··· Input records

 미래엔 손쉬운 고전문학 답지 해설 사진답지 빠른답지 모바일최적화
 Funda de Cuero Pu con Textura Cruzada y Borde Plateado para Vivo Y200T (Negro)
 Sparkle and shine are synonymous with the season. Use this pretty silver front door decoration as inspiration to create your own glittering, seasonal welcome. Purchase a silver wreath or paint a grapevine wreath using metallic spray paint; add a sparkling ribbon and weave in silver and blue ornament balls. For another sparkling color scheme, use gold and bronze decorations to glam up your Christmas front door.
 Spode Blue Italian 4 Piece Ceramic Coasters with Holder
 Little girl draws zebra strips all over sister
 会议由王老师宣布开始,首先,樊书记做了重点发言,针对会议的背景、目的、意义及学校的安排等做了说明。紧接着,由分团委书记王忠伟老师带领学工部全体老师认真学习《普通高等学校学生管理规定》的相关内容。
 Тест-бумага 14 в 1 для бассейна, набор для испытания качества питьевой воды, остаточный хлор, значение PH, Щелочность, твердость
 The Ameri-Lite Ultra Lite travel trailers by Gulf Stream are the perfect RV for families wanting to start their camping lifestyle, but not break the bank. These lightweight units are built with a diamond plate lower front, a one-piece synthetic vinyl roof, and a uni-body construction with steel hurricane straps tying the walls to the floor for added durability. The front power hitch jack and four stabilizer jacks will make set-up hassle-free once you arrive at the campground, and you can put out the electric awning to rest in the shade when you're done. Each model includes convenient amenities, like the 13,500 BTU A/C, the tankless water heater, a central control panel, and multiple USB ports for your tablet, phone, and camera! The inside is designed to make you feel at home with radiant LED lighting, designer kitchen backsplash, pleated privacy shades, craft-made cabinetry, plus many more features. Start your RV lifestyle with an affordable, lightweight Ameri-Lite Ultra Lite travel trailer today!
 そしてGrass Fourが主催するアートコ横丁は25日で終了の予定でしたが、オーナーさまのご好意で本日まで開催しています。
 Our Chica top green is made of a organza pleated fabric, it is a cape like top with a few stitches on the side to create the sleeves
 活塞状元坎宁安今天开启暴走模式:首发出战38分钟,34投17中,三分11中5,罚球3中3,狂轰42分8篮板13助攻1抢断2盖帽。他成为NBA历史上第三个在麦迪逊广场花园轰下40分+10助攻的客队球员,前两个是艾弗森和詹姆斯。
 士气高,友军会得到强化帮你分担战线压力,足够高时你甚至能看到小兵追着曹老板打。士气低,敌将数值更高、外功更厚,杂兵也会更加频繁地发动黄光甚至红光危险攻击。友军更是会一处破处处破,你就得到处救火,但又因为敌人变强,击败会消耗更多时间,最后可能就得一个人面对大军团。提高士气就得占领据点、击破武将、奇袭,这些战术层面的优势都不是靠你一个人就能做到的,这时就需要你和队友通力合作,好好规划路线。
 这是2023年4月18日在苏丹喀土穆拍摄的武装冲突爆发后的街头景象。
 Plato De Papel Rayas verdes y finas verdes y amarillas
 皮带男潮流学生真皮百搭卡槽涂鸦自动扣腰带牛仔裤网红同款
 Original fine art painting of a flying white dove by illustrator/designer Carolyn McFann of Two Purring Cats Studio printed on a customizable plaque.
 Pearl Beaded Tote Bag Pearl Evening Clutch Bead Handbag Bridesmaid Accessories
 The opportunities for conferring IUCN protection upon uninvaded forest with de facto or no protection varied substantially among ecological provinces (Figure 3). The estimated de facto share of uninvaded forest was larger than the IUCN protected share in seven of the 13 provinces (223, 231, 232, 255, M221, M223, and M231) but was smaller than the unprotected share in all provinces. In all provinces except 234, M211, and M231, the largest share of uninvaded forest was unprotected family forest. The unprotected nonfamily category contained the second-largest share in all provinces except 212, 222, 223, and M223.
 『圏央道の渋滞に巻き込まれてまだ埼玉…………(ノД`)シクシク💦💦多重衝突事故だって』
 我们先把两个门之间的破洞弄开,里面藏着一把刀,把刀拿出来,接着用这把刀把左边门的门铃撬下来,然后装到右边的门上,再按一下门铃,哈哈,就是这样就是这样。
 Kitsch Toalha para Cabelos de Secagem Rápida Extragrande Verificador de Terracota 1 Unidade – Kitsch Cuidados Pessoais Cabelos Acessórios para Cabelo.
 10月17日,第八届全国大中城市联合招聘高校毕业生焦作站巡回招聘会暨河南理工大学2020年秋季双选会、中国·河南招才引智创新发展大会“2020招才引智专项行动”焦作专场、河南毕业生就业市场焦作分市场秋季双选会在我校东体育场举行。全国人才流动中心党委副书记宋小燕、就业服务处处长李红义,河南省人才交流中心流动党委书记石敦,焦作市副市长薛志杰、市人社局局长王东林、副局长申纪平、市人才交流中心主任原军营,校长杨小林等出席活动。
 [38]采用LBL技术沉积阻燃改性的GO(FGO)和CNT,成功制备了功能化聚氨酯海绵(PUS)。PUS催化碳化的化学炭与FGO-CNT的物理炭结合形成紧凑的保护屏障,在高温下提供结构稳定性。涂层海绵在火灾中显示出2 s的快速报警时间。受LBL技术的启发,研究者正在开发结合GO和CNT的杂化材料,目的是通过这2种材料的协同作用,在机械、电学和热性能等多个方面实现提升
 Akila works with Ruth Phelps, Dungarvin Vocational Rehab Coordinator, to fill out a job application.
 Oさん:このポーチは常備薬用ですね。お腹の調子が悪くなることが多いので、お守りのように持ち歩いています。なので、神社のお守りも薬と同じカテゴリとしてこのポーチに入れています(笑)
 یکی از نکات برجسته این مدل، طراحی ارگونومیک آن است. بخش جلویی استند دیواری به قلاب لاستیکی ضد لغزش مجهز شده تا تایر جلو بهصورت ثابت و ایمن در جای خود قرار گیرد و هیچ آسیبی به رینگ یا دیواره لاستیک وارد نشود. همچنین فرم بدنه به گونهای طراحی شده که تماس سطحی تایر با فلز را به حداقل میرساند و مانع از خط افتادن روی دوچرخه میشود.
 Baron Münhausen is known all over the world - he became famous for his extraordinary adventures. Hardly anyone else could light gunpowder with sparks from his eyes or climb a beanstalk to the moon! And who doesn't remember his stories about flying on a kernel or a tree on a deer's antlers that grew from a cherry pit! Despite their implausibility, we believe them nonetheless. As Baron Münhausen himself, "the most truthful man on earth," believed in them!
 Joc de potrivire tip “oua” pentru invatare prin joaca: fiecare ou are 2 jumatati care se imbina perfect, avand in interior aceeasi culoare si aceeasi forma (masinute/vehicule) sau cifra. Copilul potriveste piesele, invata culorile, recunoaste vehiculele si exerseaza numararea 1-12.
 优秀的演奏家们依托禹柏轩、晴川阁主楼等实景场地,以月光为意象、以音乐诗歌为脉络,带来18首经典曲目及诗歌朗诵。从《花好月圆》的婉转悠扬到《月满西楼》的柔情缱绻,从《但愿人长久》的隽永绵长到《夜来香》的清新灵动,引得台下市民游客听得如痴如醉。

······

Work order:
Return each line from the entries above that includes "flying".

Solution to this task:
 Original fine art painting of a flying white dove by illustrator/designer Carolyn McFann of Two Purring Cats Studio printed on a customizable plaque.
 Baron Münhausen is known all over the world - he became famous for his extraordinary adventures. Hardly anyone else could light gunpowder with sparks from his eyes or climb a beanstalk to the moon! And who doesn't remember his stories about flying on a kernel or a tree on a deer's antlers that grew from a cherry pit! Despite their implausibility, we believe them nonetheless. As Baron Münhausen himself, "the most truthful man on earth," believed in them!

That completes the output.